Selon la perspective de Giddens, le projet réflexif de soi qui influence la réflexivité individuelle et collective (la production de savoirs) dépend du sentiment de sécurité ontologique mais aussi de l’autonomie professionnelle. Dans certains contextes, l’autonomie professionnelle chez les infirmières n’est pas tout à fait évidente. Quelques auteurs (Baumann, O’Brien-Pallas, Armstrong-Strassen, Blythe, Bourbonnais, Cameron et al., 2001; Fagin, 2001; Koehoorn, Lowe et Schellenberg, 2002) considèrent que le manque d’autonomie des infirmières constitue chez elles la principale source d’insatisfaction. Il paraît certain que le contexte du nursing comme profession (White, 1995) aura des impacts sur la production de savoirs pratiques.

Dallaire (2002) déclare que les infirmières ne réussissent pas à modifier cette situation en raison du type de relation de pouvoir. La relation de pouvoir entre médecin et infirmière continue à influencer la pratique infirmière et, en conséquence, les savoirs pratiques. Giddens (1987) affirme que, le plus souvent, les relations de pouvoir sont profondément enchâssées dans des modes de conduite tenus pour acquis par ceux et celles qui s’y conforment; elles s’ancrent de façon toute particulière dans les comportements routiniers. Il est donc important de tenir compte des processus de domination (pouvoir) et

de légitimation (normes). D’ailleurs, la production de savoirs pratiques peut être influencée par le point de vue dominant du médecin mais aussi par le point de vue de l’organisation.
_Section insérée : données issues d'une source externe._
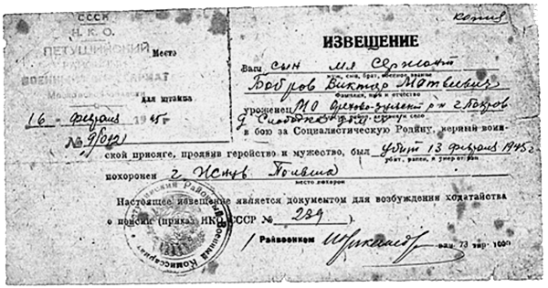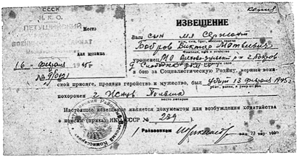 В середине февраля в Покров на имя Бобровой Марии Афанасьевны пришло извещение о том, что 13 февраля 1945 года ее сын младший сержант Виктор Матвеевич Бобров убит и похоронен в Польше. Обстоятельства гибели родные узнали только в конце августа 1946 года, когда из города Станислав пришло письмо от друга Виктора Боброва Михаила Замолодчикова. Он пишет, что Виктор погиб под городом Живец, в селе Мощаницы. Вот выдержка из его письма: «Во второй половине дня мы предприняли наступление. Завязались ожесточенные бои. На укрепленном пункте мы выжидали удобного момента для атаки. Виктор находился метрах в ста от меня за занятым нами домиком, укрываясь от вражеского обстрела. Внезапно раздался взрыв артиллерийского снаряда, за которым последовал сильный обстрел. Огонь был сконцентрирован на нашем подразделении. После обстрела мы бросились к разбитому дому, за которым укрывался Виктор и другие бойцы. Здесь мы нашли павших, в числе которых был и Виктор. Павшие были похоронены в селе Мощаницы».

Les structures et les valeurs des institutions affectent directement la pratique et, en conséquence, la production des savoirs (Weiss et al., 2002). La théorie de Giddens conçoit les institutions comme des structures (règles et ressources) qui influencent les pratiques. L'analyse de ces structures s’avère intéressante pour comprendre la production de savoirs pratiques.

En somme, les trois théories que l’on vient de décrire semblent avoir plus d’éléments en commun que d’éléments différents. Le processus réflexif comme moyen de production des savoirs pratiques et le fait de les mettre en évidence (visibles), apparaît comme le dénominateur commun. Toutefois, on considère que la théorie de Giddens semble apporter un nouvel éclairage au processus de production de savoirs pratiques en introduisant de nouveaux éléments dont on devrait tenir compte. Nous croyons qu’il serait intéressant pour la discipline infirmière d’analyser et d’incorporer ces nouveaux éléments si nous voulons avoir une vision et un discours davantage contemporains.

En effet, les savoirs pratiques sont riches, complexes, quelques fois inexprimables et se créent à partir d’éléments de la vie personnelle, professionnelle, intellectuelle, spirituelle culturelle et autres. Cet amalgame incroyable de qui nous sommes est mis dans des contextes où le savoir est construit et exprimé. Selon Dewey (1963), l’être humain vit dans un monde, il fait partie d’un environnement naturel et socioculturel et cette condition a des répercussions sur sa façon de connaître. Nous devons donc concevoir ce contexte au niveau micro (le lieu concret où la pratique se développe) mais aussi au niveau macro, en tenant compte de l’institution ou des structures (les praticiens et les institutions ne sont pas indépendants) et des aspects reliés à la profession infirmière (autonomie et identité infirmière).

Bref, la façon de conceptualiser le processus de production de savoirs par la réflexivité, selon la théorie de Giddens, repose sur trois postulats. Le premier postulat est

que les praticiens produisent des savoirs, le deuxième que cette production est toujours le fruit de la réflexivité individuelle (projet réflexif de soi) et du dialogue avec d’autres (réflexivité collective) et le troisième que cette production est influencée par le contexte pratique (micro contexte), institutionnel (règles et ressources) et professionnel (autonomie professionnelle et identité infirmière). À l’annexe 3 une figure représente cette façon de conceptualiser la théorie de Giddens en relation avec le développement de savoirs pratiques.